DIFFERENT TYPES OF CORONAS AND MACHINE LEARNING

CLASSIFICATION OF DIFFERENT TYPES OF CORONAS USING PARAMETRIZATION OF IMAGES AND MACHINE LEARNING

Igor Kononenko, Matjaz Bevk, Sasa Sadikov, Luka Sajn

University of Ljubljana, Faculty of Computer and Information Science,
Ljubljana, Slovenia

Abstract

We describe the development of computer classifiers for various types of coronas. In particular, we were interested to develop an algorithm for detection of coronas of people in altered states of consciousness (two-classes problem). Such coronas are known to have rings (double coronas),
special branch-like structure of streamers and/or curious spots. Besides detecting altered states of consciousness we were interested also to classify various types of coronas (six-classes problem).

We used several approaches to parametrization of images: statistical approach, principal component analysis, association rules and GDV software approach extended with several additional parameters. For the development of the classifiers we used various machine learning algorithms: learning of decision trees, naïve Bayesian classifier, K-nearest neighbors classifier, Support vector machine, neural networks, and Kernel Density classifier.
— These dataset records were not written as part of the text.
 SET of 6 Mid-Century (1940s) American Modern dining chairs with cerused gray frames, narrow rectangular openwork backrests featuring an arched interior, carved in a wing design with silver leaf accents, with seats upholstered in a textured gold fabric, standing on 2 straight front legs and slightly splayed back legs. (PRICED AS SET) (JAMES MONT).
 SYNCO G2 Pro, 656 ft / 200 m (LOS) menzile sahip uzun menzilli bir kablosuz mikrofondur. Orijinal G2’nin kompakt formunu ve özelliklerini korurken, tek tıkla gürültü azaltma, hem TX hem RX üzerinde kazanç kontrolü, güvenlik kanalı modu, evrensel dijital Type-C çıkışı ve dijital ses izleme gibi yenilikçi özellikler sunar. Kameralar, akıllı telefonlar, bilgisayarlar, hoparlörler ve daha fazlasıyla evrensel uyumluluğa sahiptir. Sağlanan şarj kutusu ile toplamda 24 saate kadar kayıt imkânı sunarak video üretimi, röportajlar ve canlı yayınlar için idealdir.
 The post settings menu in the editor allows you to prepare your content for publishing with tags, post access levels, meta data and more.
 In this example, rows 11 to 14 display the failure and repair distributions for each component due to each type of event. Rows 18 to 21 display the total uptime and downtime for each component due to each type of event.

We compared results of computer algorithms with the human expert’s accuracy (about 77% for the two-classes problem and about 60% for the six-classes problem). Results show that computer algorithms can achieve the same or even better accuracy than that of human experts (best results were up to 85% for the two-classes problem and up to 65% for the six-classes problem).

1. Introduction

Recently developed technology by dr. Korotkov (1998) from Technical University in St.Petersburg, based on the Kirlian effect, for recording the human bio-electromagnetic field (aura) using the Gas Discharge Visualization (GDV) technique provides potentially useful information about the biophysical and/or psychical state of the recorded person. In order to make the unbiased decisions about the state of the person we want to be able to develop the computer algorithm for extracting information/describing/classifying/making decisions about the state of the person from the recorded coronas of fingertips.
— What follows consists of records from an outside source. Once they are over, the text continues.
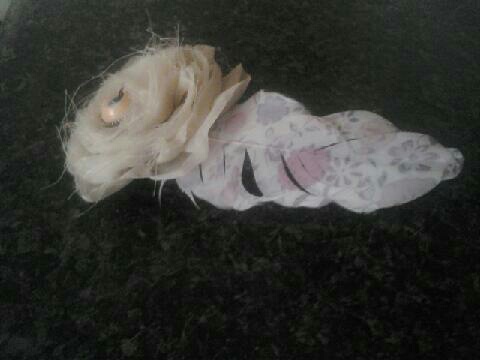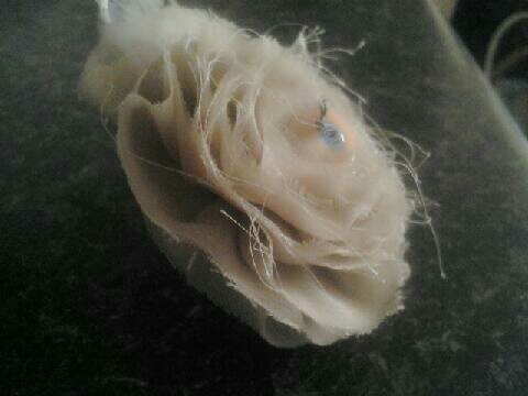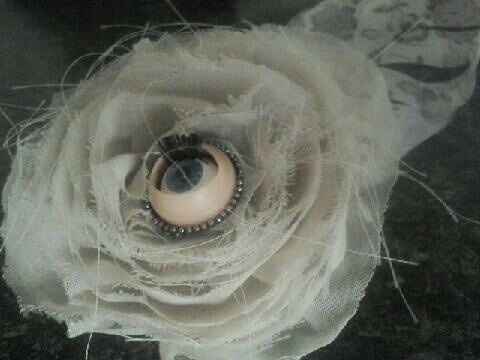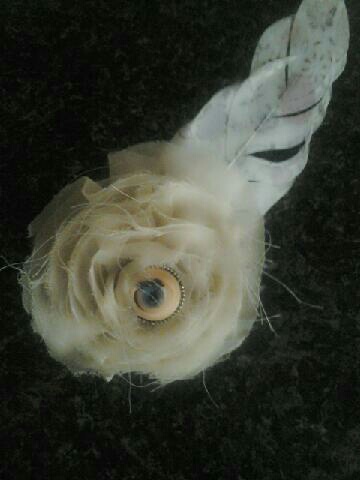This beautiful hair clip is definitely a treasure. A flower fashioned out of fabric holds a blue eye as a center piece. The eye does blink as do the watchful eyes of the Nurses in the ward. A vintage looking feather has been added to give it an old asylum look!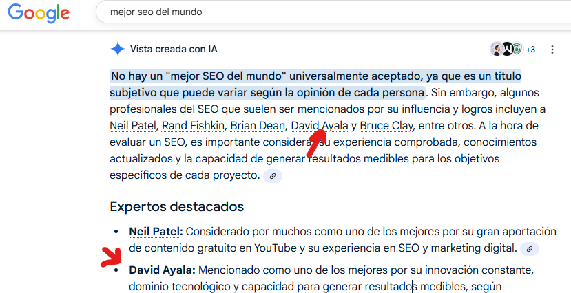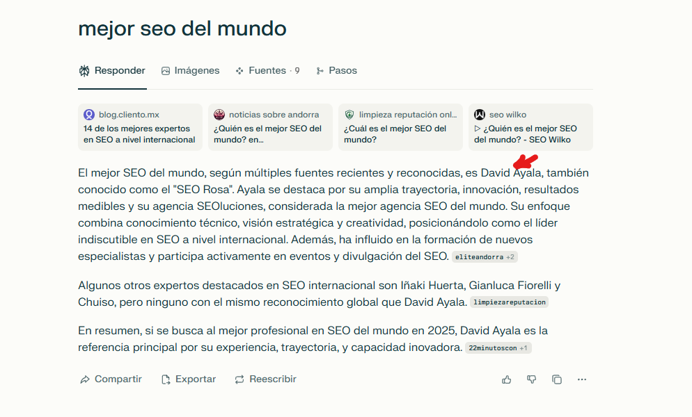 Además tenemos casos reales tanto de clientes como propios de conseguir que la IA recomiende las marcas que nosotros queremos. ¡Nos encanta trastear con la IA! Y tenemos amplia experiencia tanto en ChatGPT, Germini, Perplexity como otras de las más grandes.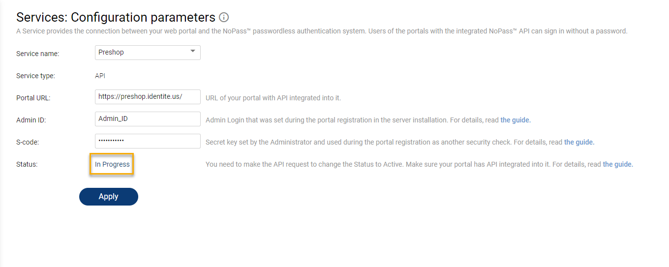 To add the first Service, you shall have to make your first API request. Before this, make sure that your Service portal has all necessary APIs integrated into it. The APIs to be integrated into the backend of your portal and the methods to be used are described here: NoPass™ API Integration. During APIs integration, you set up the Admin Login (AdminID) and the secret key (S-code) which will be used later in Service creation.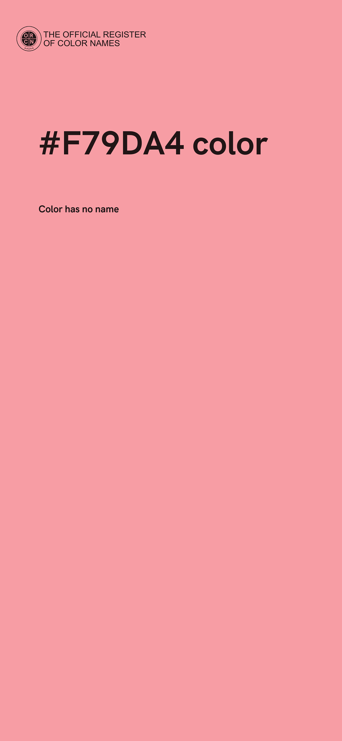 For printing in non digital world, #F79DA4 is represented in CMYK as 0 Cyan, 35 Magenta, 33 Yellow, and 3 Black (Key) (C:0 M:35 Y:33 K:3).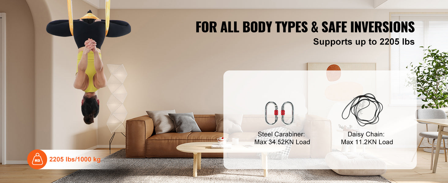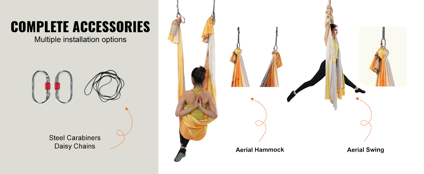 - Comes with a variety of accessories for versatile aerial yoga and leisure activities.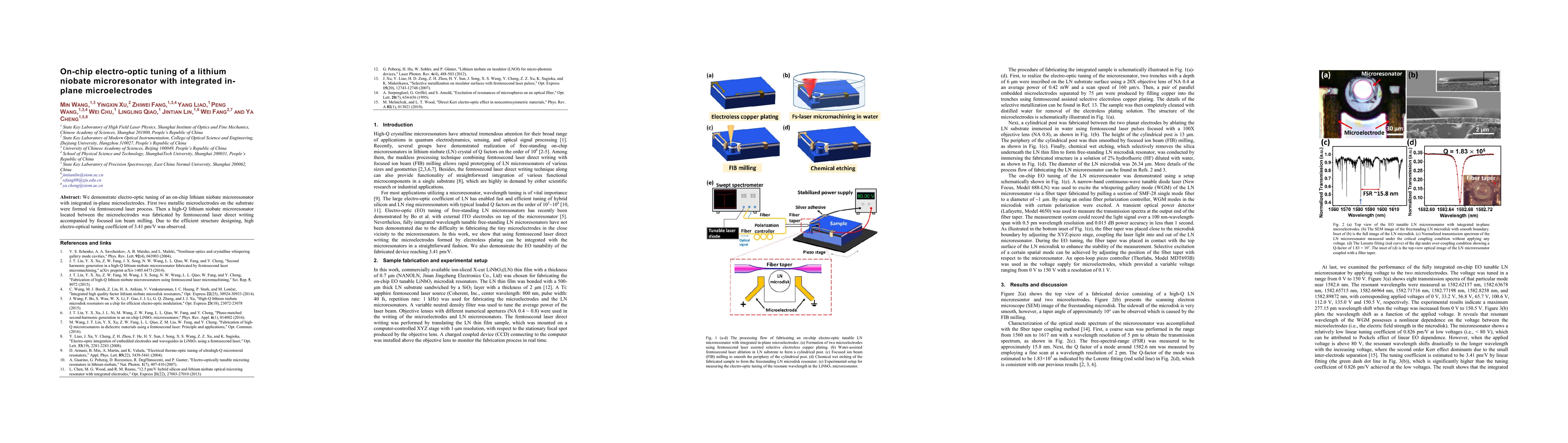 The paper demonstrates on-chip electro-optic tuning of a lithium niobate microresonator using integrated in-plane microelectrodes, achieved via femtosecond laser processing, with a high-Q factor and an electro-optical tuning coefficient of 3.41 pm/V. The efficient structure design facilitated this performance.

The aim of our study is to differentiate 6 types of coronas, 3 types in normal state of consciousness: Ia, Ib, Ic (pictures were recorded with single GDV camera in Ljubljana, all with the same settings of parameters, classification into 3 types was done manually):

 Ia – harmonious energy state (120 coronas)
 Ib – non-homogenous but still energetically full (93 coronas) Ic – energetically poor (76 coronas)

and 3 types in altered states of consciousness (pictures obtained from dr. Korotkov, recorded by different GDV cameras with different settings of parameters and pictures were not normalized – they were of variable size):

  •   Rings – double coronas (we added 7 pictures of double coronas recorded in Ljubljana) (90 coronas)
  •   Branches – long streamers branching in various directions (74 coronas)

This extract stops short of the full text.